The1stWife ( Guide #58832) posted at 9:43 PM on Tuesday, July 8th, 2025
This worries me as I think it means I'll never get over it but my therapist said we have to work on it as this thinking, dwelling and ruminating will ruin my future with or without my husband
This made me stop and think b/c o over analyze everything (which is why I am so good at my job b/c I look for loopholes and things mist people would never consider). And I have a plan for it.
I think it’s ok to dwell on the trauma and pain etc as you process what happened. Isn’t that part of acceptance and healing? It just happened. I can tell you I was in a similar cycle for 3 years — disbelief he was kicking me to the curb, panic at being w/out his income, terror at what the future could be.
But I was confident I would survive it and be ok because I planned for it from the second he announced he wanted a D. Looking back I over thought things and analyzed every option and contingency plan lol.
It’s why I am confident today (more than I ever was). I survived the worst. Still standing.
And I hope the same for you too evio.
Survived two affairs and brink of Divorce. Happily reconciled. 12 years out from Dday. Reconciliation takes two committed people to be successful.

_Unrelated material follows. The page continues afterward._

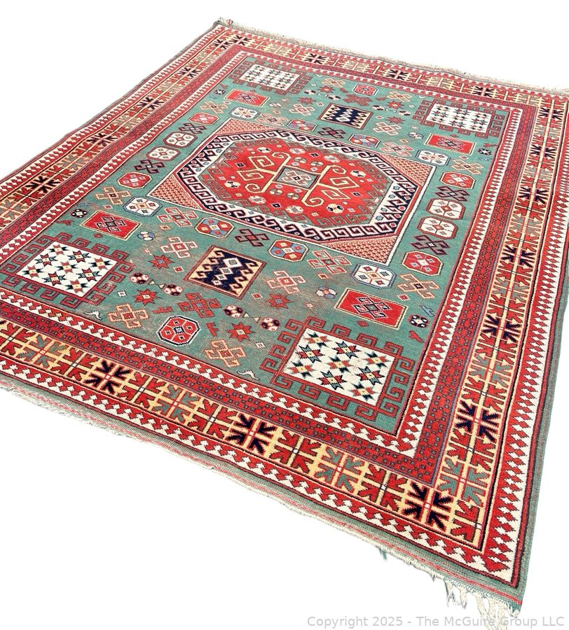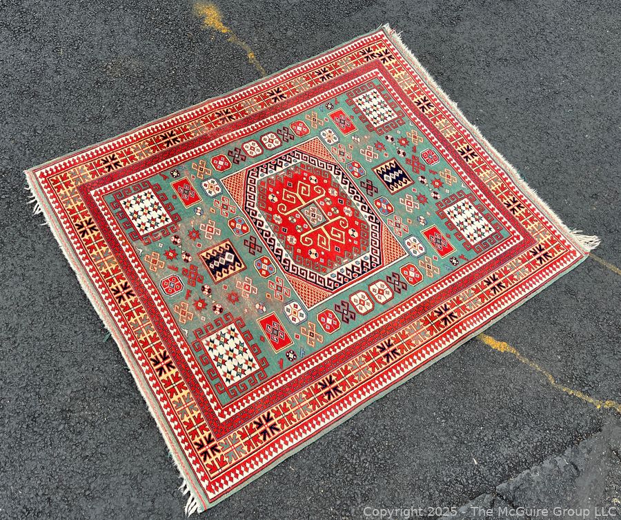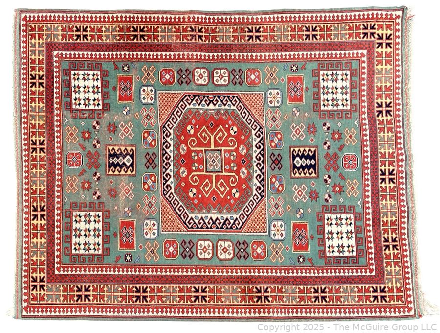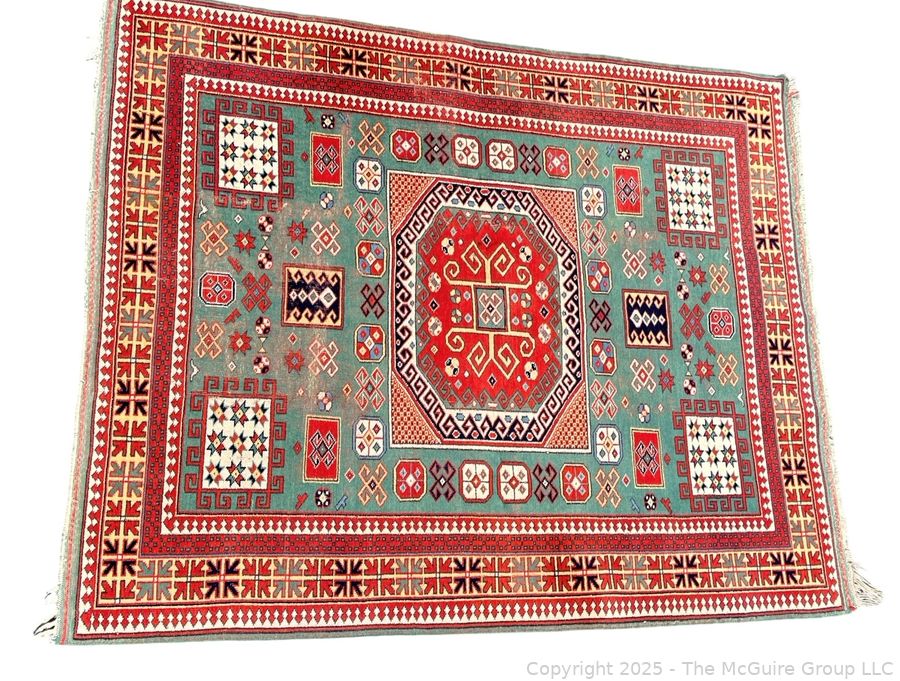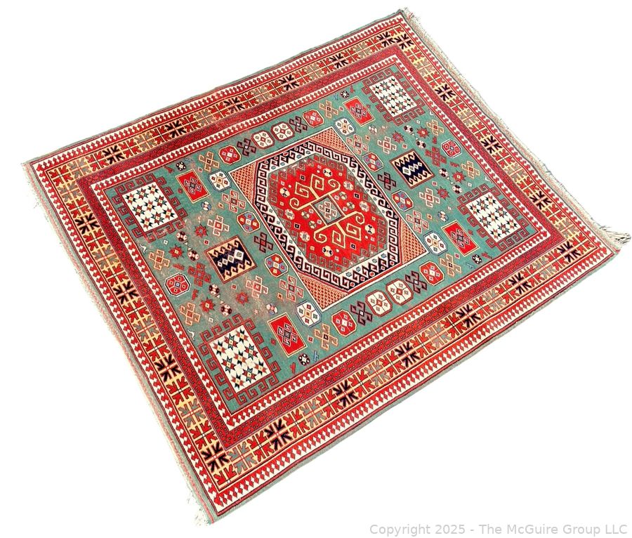 Lot #0038CS: Kazak Karachop Hand Knotted Shirvan Turkish Rug on Red Ground. 5" x 6" (WAS 1400CS)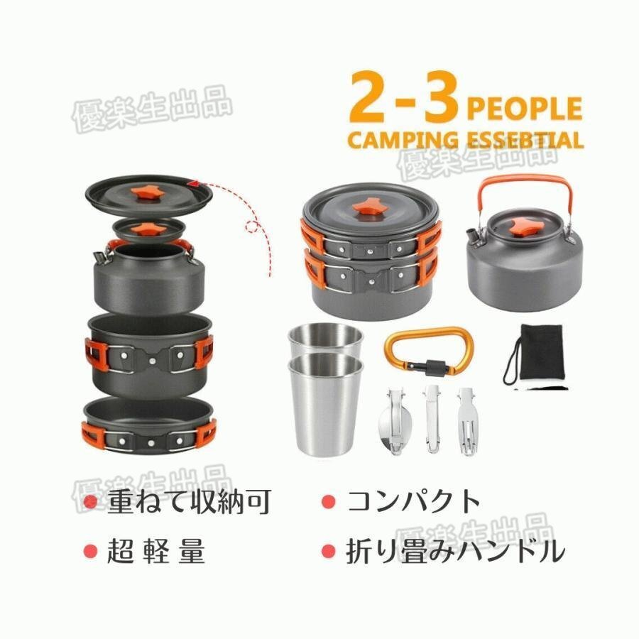 アウトドア 鍋 クッカーセット 調理器具 アルミニウム 軽量 鍋 ケトル キャンピング 10点セット 2~3人用 収納袋付き 調理器具セットです

Evio (original poster member #85720) posted at 9:54 PM on Tuesday, July 8th, 2025
1st wife ..my therapist also says the overthinking is a childhood trauma response that kept me safe...I always seem to plan for the worst to happen. I am currently studying and got the bulk of my dissertation done last year's months ahead of schedule as I'm used to things going wrong (COVID, kids injuries, illnesses etc) however, I want expected to bit blown away by betrayal trauma! But I guess I already had my ducks in a row before so I guess that's one bonus 😆
I hope I can get over it, hopefully with my husband, but even if it's alone ...I just want to enjoy my life again - we get one shot, one precious life, and I'm sad and angry Im having to waste my precious time healing from something I didn't deserve 😞 ...I better come out of this like a titanium cored, teflon coated yogi who is indestructible 😆
hikingout ( member #59504) posted at 9:59 PM on Tuesday, July 8th, 2025
I concur with 1st wife I think rumination is natural after infidelity because it creates trauma to the brain.
I too have had problems with rumination. And I have worked through most of it. (Well I can still get on one but it’s usually short lived)
But it doesn’t sound like to me that your therapist really gets this is new trauma. It does probably trigger old trauma and of coping mechanisms but you are also in fight or flight. I might try a different therapist in your shoes.